ATI & UVa: Reopening the review of exempted material

A court in Virginia agreed yesterday that Michael Mann did have standing to join the ATI vs UVa lawsuit (unsurprising) and also agreed to UVa's request to reopen the consent decree that UVa had signed with ATI (again unsurprising).

As we discussed before, the issue at question is how material that UVa thought was exempt from release under FOIA would be reviewed. The initial consent order arranged for the two ATI lawyers (Horner and Schnare) to go over each exempted item themselves. This struck us as very odd. In Federal cases, this is normally assessed via a Vaughn index of all material, reviewed in camera by a judge.

UVa successfully argued that the original arrangement should be re-opened mainly because they were unable to trust the ATI lawyers to maintain confidentiality of the process. This is not a surprising argument given the amount of misrepresentation, disinformation and hyperbole seen in any of their filings, and even more so in their public pronouncements, but it was strengthened enormously by the behaviour of David Schnare in the process of this lawsuit itself.

Schnare, it turns out, was actually a federal civil servant with EPA(!) until a few months ago. According to Nature News, he misrepresented himself in communications with UVa, furthermore, he was not granted permission to engage in outside activity for ATI by his federal employers. This is not surprising either, since ATI has worked on lawsuits associated with challenging the EPA Endangerment Finding which would be a conflict of interest - and doubly so for a lawyer. Thus work that Schnare did as a litigator for ATI while on EPA payroll was a clear violation of Federal ethics rules.

The irony of the ATI legal team being clearly guilty of the same ethics violations which they have falsely accused others of (c.f. ATI vs NASA (Hansen), CEI vs NASA (Schmidt)) will not be lost on any observers.

The new arrangement to review the exempted material will now likely be seen in camera via a 'representative sampling' approach which will not involve the compromised ATI lawyers. A much better solution.

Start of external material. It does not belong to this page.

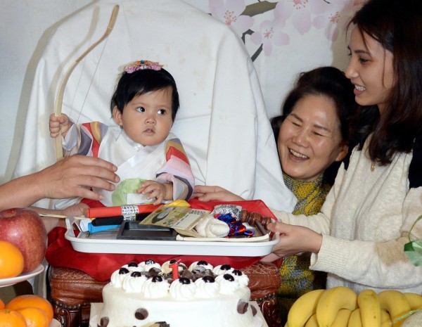궁금해-할머니가 다문화 가족인 손녀가 돌사진 촬영하면서 넘어지지 않게 붙잡고 있다가 돌잡이 때 무엇을 잡았는지 궁금하여 내다보며 웃고 있다.
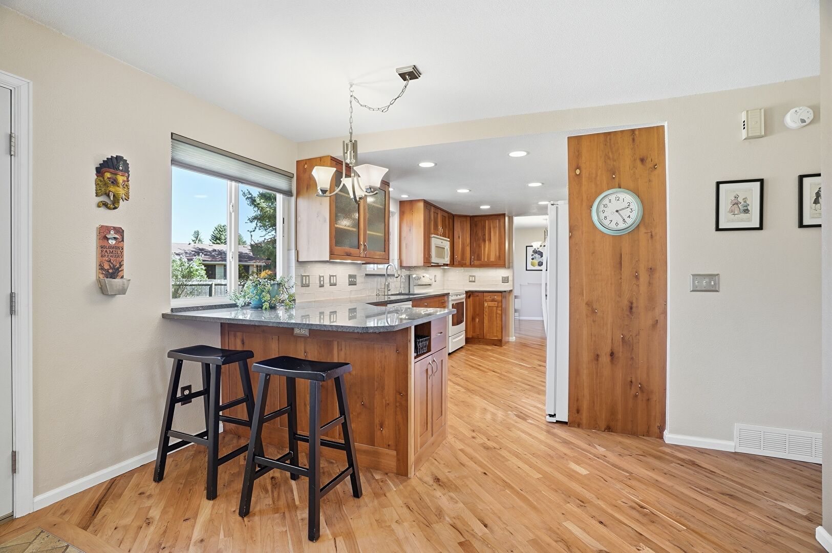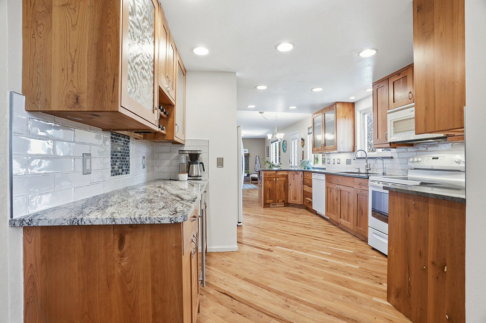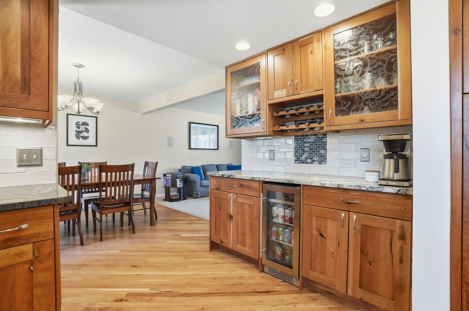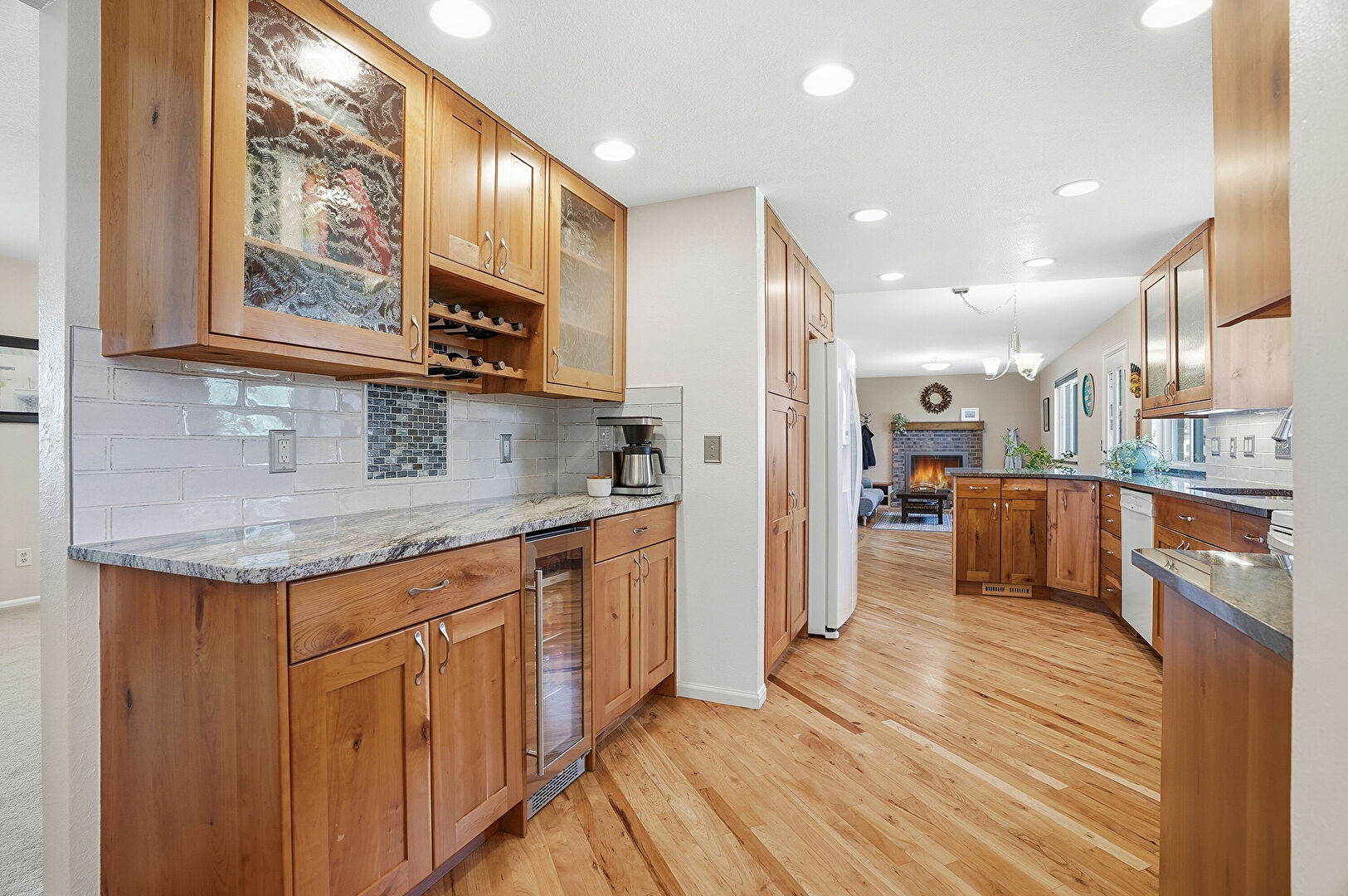 Baseboards Wall, Drywall, Fireplace, G Shaped Kitchen, Glass Insert Cabinets, Indoor Bar, Kitchen Bar, Kitchen Peninsula, Medium Brown Cabinets, Natural Light, Notable Chandelier, Open Shelves, Opens To Living Area, Pendant Lighting, Recessed Lighting, Shaker Cabinets, Smoke Carbon Monoxide Detector, Stone Countertops, Vent, Wine Cooler, Wood Finish Floor, Drywall, Medium Brown Cabinets, Natural Light, Notable Chandelier, Pendant Lighting

And as for all the material that was non-exempt and released to ATI months ago? Complete silence.

Update UCS has posted the UVa filings and they are a treat to read: UVa motion Kast Affidavit

2 comments:

  1. The ATI biter bit.

    Not a case of the pot calling the kettle 'black', but more a case of the blackboard calling the chalk 'black'!

    Schadenfreude is a dish best served cold.

    ReplyDelete
  2. Thank you for explaining all these court actions on your blog.